Reproduce every line of the data, exactly and without its pictures.

- Data shown -
*** Block opens ***

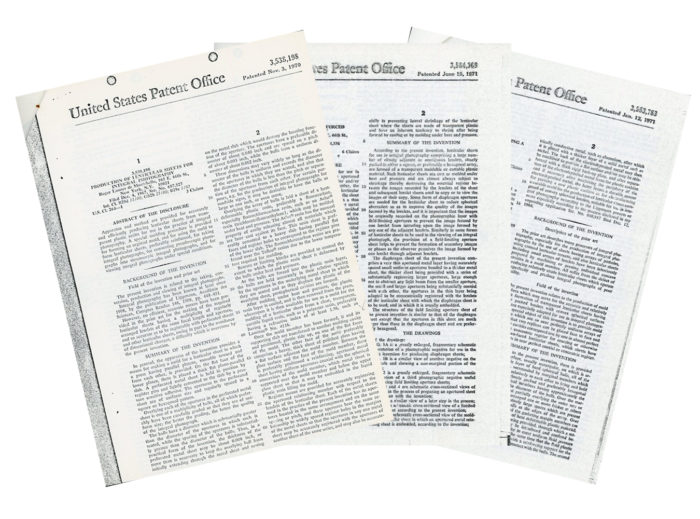 Photocopies of patents registered by Roger de Montebello, 1970-71
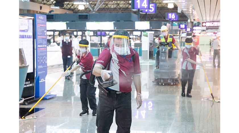 台灣桃園機場再度進行深度消毒。(香港中通社)
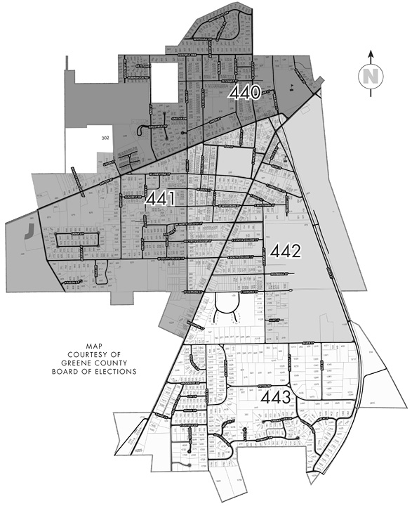 Voter turnout was strong, with 76 percent turnout overall, exceeding Greene County’s total turnout of 71 percent. Precinct 440 had the highest turnout, 81 percent.

*** Block closes ***

- Reply -
 Photocopies of patents registered by Roger de Montebello, 1970-71
 台灣桃園機場再度進行深度消毒。(香港中通社)
 Voter turnout was strong, with 76 percent turnout overall, exceeding Greene County’s total turnout of 71 percent. Precinct 440 had the highest turnout, 81 percent.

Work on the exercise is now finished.